For me, the frustration is that I’ve been unable to fully get rid of this upper respiratory infection that I’ve had on and off since Halloween.  I would get well enough to think it was behind me and I would resume my normal activities and then WHAM, it would knock me on my butt again.  This happened 4 times, and this past week when the fatigue and sore throat returned I called my PCP and got in to see him that day.  I expressed my frustration and my fear of constant anti biotics, but unfortunately due to my anatomy the bacteria gets stuck in the sinuses and it seems strong anti biotics are the only way to rid my body of the gunk.

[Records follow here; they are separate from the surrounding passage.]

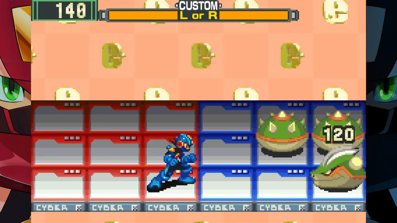 Battles take place on two 3×3 grids: one MegaMan can freely move on and one for the enemy. While a Net Navi can battle on their own using B for normal attacks, they can fight more effectively using chips sent each turn by their operator. At the start of battle or after a gauge at the top of the screen fills up, Lan can select moves like a big cannon shot, a sword slash, HP recovery, and more used one at a time with the A button. You can’t just stack chips all willy nilly though. You can send up to five chips at once, but only if they are the same type, like two cannons, or the same letter, like a sword and cannon both with the letter A. Only five chips are drawn from your customizable Folder, or deck since this is basically a card battler, but you can sacrifice a turn to draw more with various conditions depending on the game. Those are the basics though: defeat all enemies using your buster and chips, earn new chips by doing well, and so on.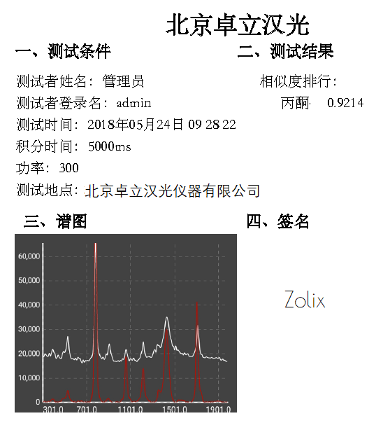 基于手持式拉曼光譜儀具有現(xiàn)場(chǎng)快速識(shí)別的優(yōu)勢(shì),本次選擇了易制毒-丙酮作為測(cè)試物,量取2ml丙酮試劑與透明玻璃瓶中,并置于液體樣品池內(nèi)檢測(cè),檢測(cè)結(jié)果如圖2所示: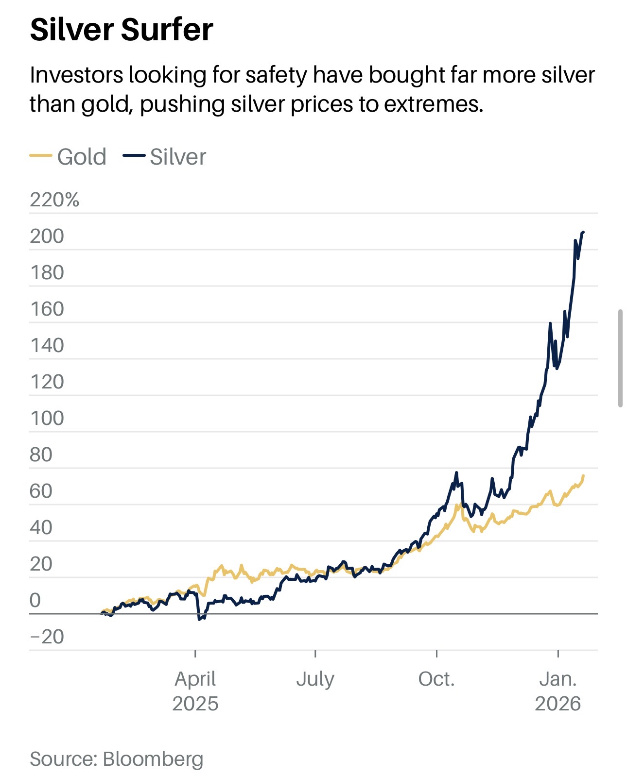 黄金过去一年上涨了74%,虽然也很可观,但远远落后于白银的抛物线式暴涨。
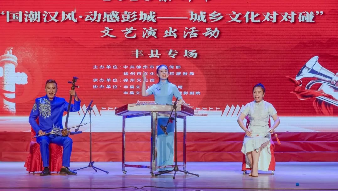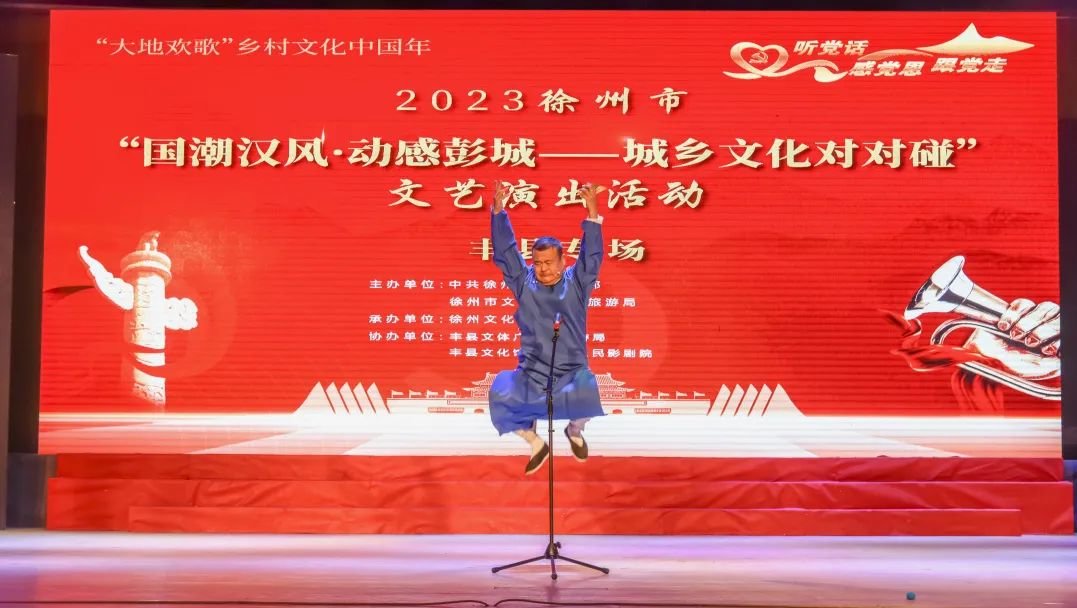 近日,由徐州市委宣传部,徐州市文化广电和旅游局主办的大地欢歌2023年徐州市“国潮汉风·动感彭城——城乡文化对对碰”文艺演出在丰县精彩上演。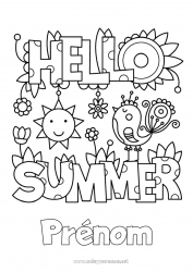 Coloriage 'Hello Summer' avec des fleurs un oiseau et un soleil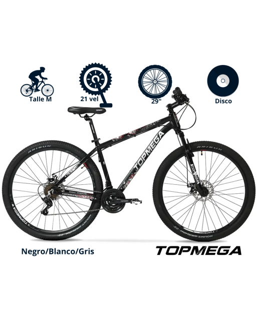 Bici TopMega Regal. R29. 21V. Aluminio Negro Blanco Gris Talle M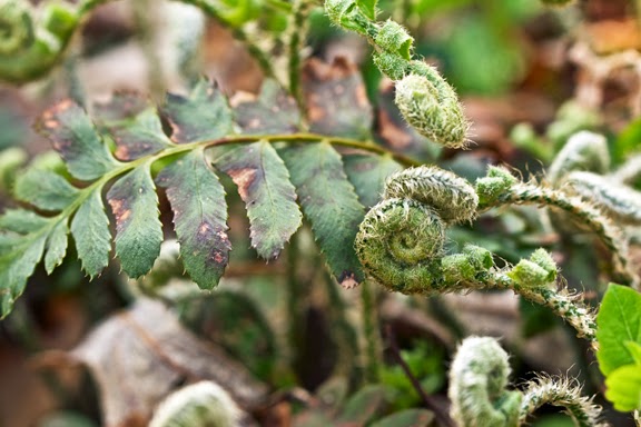 When the ground first begins to warm in March and April, ferns begin their growing season. Many open from a curled up state called a fiddlehead. Fiddleheads of certain ferns are eaten (gently sauteed in butter) and considered delicious by many. My brother and his family grow ferns and eat the fiddleheads in early spring, although they say, eh - rather tasteless. I guess, like all things in life, it's a matter of personal taste:>). Some ferns begin life quite pale in color and deepen their green as they mature. Some have different colors for new growth (there is a reddish brown example below) that is rapidly overtaken by green as food is made and stored. Plants make their food through photosynthesis. The green chlorophyll in a plant takes sunlight and converts it to a sugar compound for food for the plant. To do this, plants absorb sunlight in the red and blue color ranges; they can't use light in the green range for their food-making so green is not absorbed into the plant. The green we see is actually the reflected light a plant cannot absorb. The reason there are different shades of green is because each plant uses differing amounts of reds and blues in their food factories making the reflected light slightly different.

He prescriped a stronger anti biotic and for a longer period of time.  He also prescribed Singulair pills at night.  I need another script like I need a whole in the head, but he said that this helps the underlying allergy issue (which I have) and maybe it will help what ails me.

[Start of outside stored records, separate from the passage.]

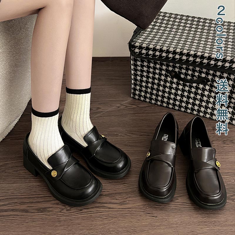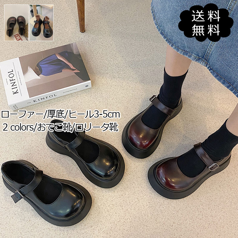 おでこ靴 レディース ローファー ロリータ靴 お嬢様 メイド靴 厚底 ヒール3-5cm ストラップ カジュアル 美脚 歩きやすい きれいめ おしゃれ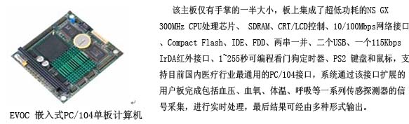 支持目前國內醫療行業最通用的PC/104接口,系統通過該接口擴展的用戶板完成包括心電血壓、血氧、體溫、呼吸等一系列傳感探測器的信號采集,進行實時處理,最后結果可經由多種形式輸出。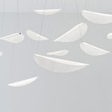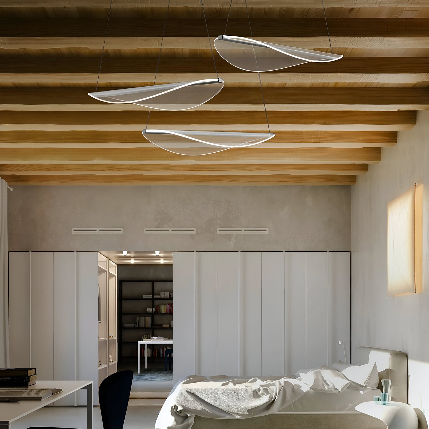 The Diphy Chandelier is inspired by the structure of a leaf and its transparent, petal-shaped diffusers feature intricate micro-incisions created using OptiLight™ technology. This innovation produces a captivating effect: when the light is off, the diffusers appear nearly invisible, and when illuminated, they emit a soft, even glow with a shimmering quality. The chandelier is supported by a slim central frame, offering a lightweight appearance while ensuring stability. Recognized with awards like the 2017 Red Dot Design Award, the Diphy showcases a seamless blend of artistry and innovation, serving as both a light source and a centerpiece for any space.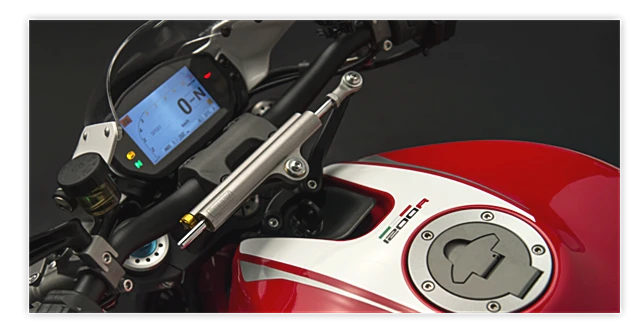 โช้กหน้าแบบหัวกลับของ Ohlins ด้านหลังสวิงอาร์มแขนเดี่ยวพร้อมโช้กจาก Ohlins เช่นกัน ดิสก์เบรกคู่หน้าแบบ 2 ลูกสูบ จานขนาด 330 มิลลิเมตร และหลังเดี่ยวแบบลูกสูบคู่ จานขนาด 245 มิลลิเมตร พร้อม ABS จอมาตรวัดดิจิทัลแบบ TFT แสดงผลอัจฉริยะ ความสูงเบาะ 829 มิลลิเมตร ความจุถังน้ำมัน 17.5 ลิตร

It gave me the chance to discuss my ENT and Rheum Doc visits that I had in the past week as well.  The ENT had gotten the Catscan results of my sinuses.  The passages looked clear, with one exception and therefore he didn’t think I needed sinus surgery.  However, there is still the large bone tumor that resides in my sinuses and that could be part of the trouble.  We decided that I should have a specialist look at it to see if there is a way to extract it.  I haven’t seen a specialist in 20 years and at that time, the surgery required wouldn’t be pretty.  The ENT also reiterated getting off the Enbrel.

My Rheum doc said my meds were fine, everything was fine on his end.  He doesn’t see a lot of patients that seem bothered by sinus infections who are on Enbrel.  He said he doesn’t think that the Enbrel is causing the infections.  However, he agreed that the less medication I take, the better it is and perhaps spread out the injections and see how I do.

So I’m stretching out the Enbrel, and going about 10 days in between methotrexate injections, taking Singulair and a steriod nasal spray while using the neti pot daily.  Hopefully I will be headed down a better road shortly because I love winter!!!